Adenocarcinoma is the most prevalent type of pancreatic cancer, and it develops in the cells that line in organs. Neuroendocrine Tumours (NETs) account for less than 10% of pancreatic tumours. An NET is also known as an islet cell cancer.

Pancreatic cancer accounts for around 3% of all malignancies diagnosed in the United States. It is the tenth most frequent cancer in men and persons born male, and the eighth most common cancer in women and people born female. Pancreatic cancer is becoming more common. According to current trends, pancreatic cancer will be the second leading cause of cancer death in the United States by 2030.

Causes of Pancreatic Cancer

The causes of pancreatic cancer are complicated and multifaceted, and they are still not fully understood.

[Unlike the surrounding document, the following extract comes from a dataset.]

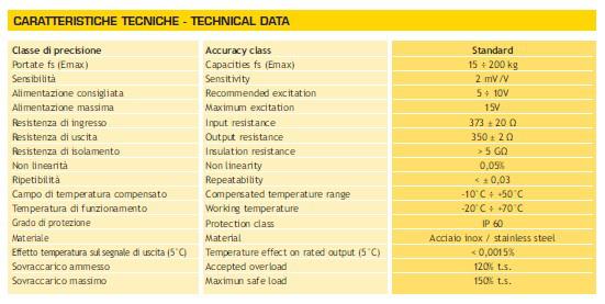 意大利N.B.C Mod EC稱重傳感器技術參數:

Specific risk factors, such as tobacco use, obesity, a family history of pancreatic cancer, chronic pancreatitis, and specific genetic disorders, have been discovered. Inherited genetic alterations can raise the chance of getting pancreatic cancer in some circumstances.

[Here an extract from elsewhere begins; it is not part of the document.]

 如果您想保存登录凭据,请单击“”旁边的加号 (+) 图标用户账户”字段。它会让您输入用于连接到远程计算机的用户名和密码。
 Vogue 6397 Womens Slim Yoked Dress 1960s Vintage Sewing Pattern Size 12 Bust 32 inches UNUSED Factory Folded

Risk factors for pancreatic cancer

• Smoking cigarettes, cigars, and other tobacco products.

• Obesity, especially if people are carrying additional weight around waist.

• Diabetes, particularly Type 2 diabetes. Diabetes that appears suddenly could be a symptom of pancreatic cancer.

• Chemical exposure, such as pesticides and petrochemicals.

• Chronic pancreatitis, which is an ongoing inflammation of the pancreas.

Hereditary disorders caused by alterations (mutations) in genes such as the BRCA1 or BRCA2 genes, which are passed down from biological parent to kid. This is because healthcare personnel cannot feel pancreas during standard checkups, and these tumours are difficult to see on routine imaging tests. A blood test for pancreas can reveal tumour markers. A tumour marker is a chemical that can be used to detect cancer.

High levels of Carbohydrate Antigen (CA) 19-9, a type of protein secreted by pancreatic cancer cells, may indicate the presence of a tumour in pancreatic cancer. Laparoscopy is sometimes used by doctors to identify the degree of pancreatic cancer and whether removal is achievable.

A surgeon makes a few small incisions (cuts) in the belly and inserts a long tube with a camera at the end. This enables them to check within abdomen for anomalies. During the same process, they will frequently take a biopsy. If someone is diagnosed with pancreatic cancer, should explore genetic testing. This can inform having a genetic predisposition to pancreatic cancer. It can also assist healthcare professional in determining which form of treatment is most appropriate for a person.

Some pancreatic cancer patients have mutations in the BRCA1 and BRCA2 genes. Though these genes are known as breast cancer genes, mutations in BRCA1 and BRCA2 can also suggest other types of cancer, such as prostate, ovarian, and pancreatic cancer.

One should seek genetic testing if person is a first-degree family (parent, child, or sibling) of someone with pancreatic cancer. The results will reveal whether person have a BRCA1 or BRCA2 gene mutation.